La pasión de los nacionales sorprendía a los dueños de casa, que durente la cena y los elogios a los logros de la gastronomía peruana, no mostrábamos más que sonrisas y asentimientos corteses. Pero mientras el reposado seguía llenando copas en la terraza-con ese color dorado que brillaba al sol que se ponía sobre el Pacífico a las 8 de la noche- a la llegada de la pregunta pisquera, una chispa encendió algo en los corazones de los nacionales.

Alguien sugirió a modo de ilustración, que para poder entendernos, nuestros amigos mexicanos se imaginen qué sucedería si un día descubren que Guatemala empieza a producir y exportar tequila, porque, vamos, todos saben que existe allá al sur un pueblito que se llama Tequila, bautizado por un primo segundo de Cortés que llegó allí a calmar su sed y recuperar el aliento después de La Noche Triste. La reacción más calmada fue sugerir un bombardeo relámpago a los vecinos y que el dios Xiuhcoatl achicharre al resto de herejes sobrevivientes.

Nos levantamos todos serenos y risueños. Otra mesa más donde nuestra bebida fue enseñoreada. Posición establecida, punto de vista entendido, muchas botellas de pisco encargadas para nuestro retorno a la tierra del agave. Luego te enteras del descalabro de la feria de Milán, del pisco sour ofrecido a los italianos bajo los colores de la estrella solitaria. De la apatía, la indiferencia, la inoperancia. No sabes con qué cara volver a ver a tus amigos, esos que defienden tu tequila a capa y espada, que organizan festivales, ferias, recorridos, historias, exposiciones, mercadotecnia, orgullo e identidad en torno a su bebida, regalo de la diosa Mayahuel.
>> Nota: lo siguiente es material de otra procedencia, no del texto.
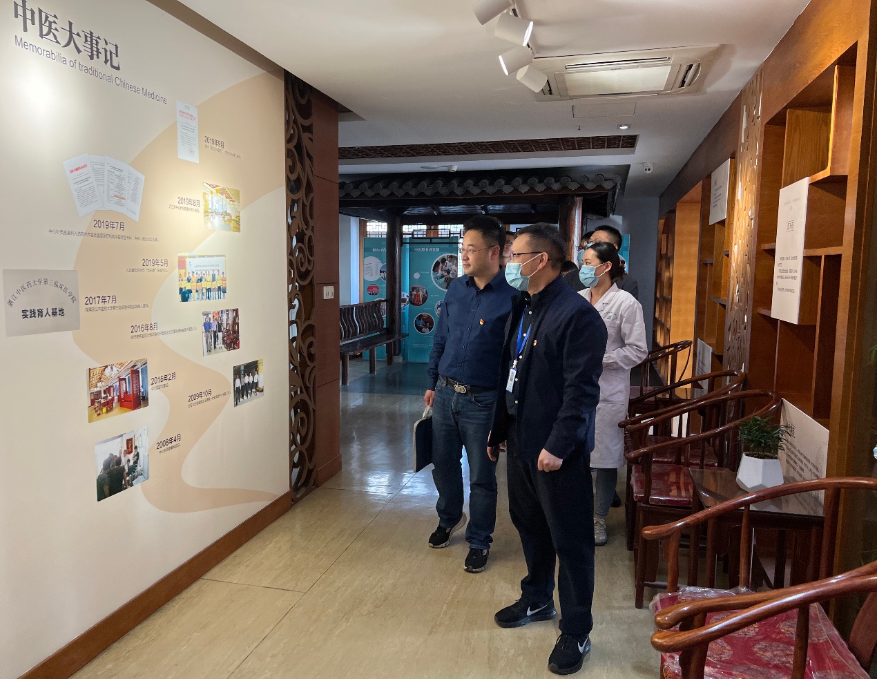 签约仪式后,学院一行参观了浦沿街道社区卫生服务中心,立体化、多角度、全景式地感受其作为全国中医药特色社区卫生服务示范区的发展历程。参观过程中,双方就党建工作经验进行了深入交流,表达了将努力搭建党员沟通桥梁,深化校医协同发展,形成融合共赢良性循环的决心。

De qué sirve que en 2007 Perú declarase al pisco como patrimonio cultural, que la Unión Europea asegure la protección y comercialización del pisco, al determinar que el pisco es peruano, si luego cruzas la frontera y entre zorbo y zorbo de mezcal, picando unas botanitas de chapulines asados, viene un cuate, sabe que eres peruano y te pregunta primero por Laura Bozzo.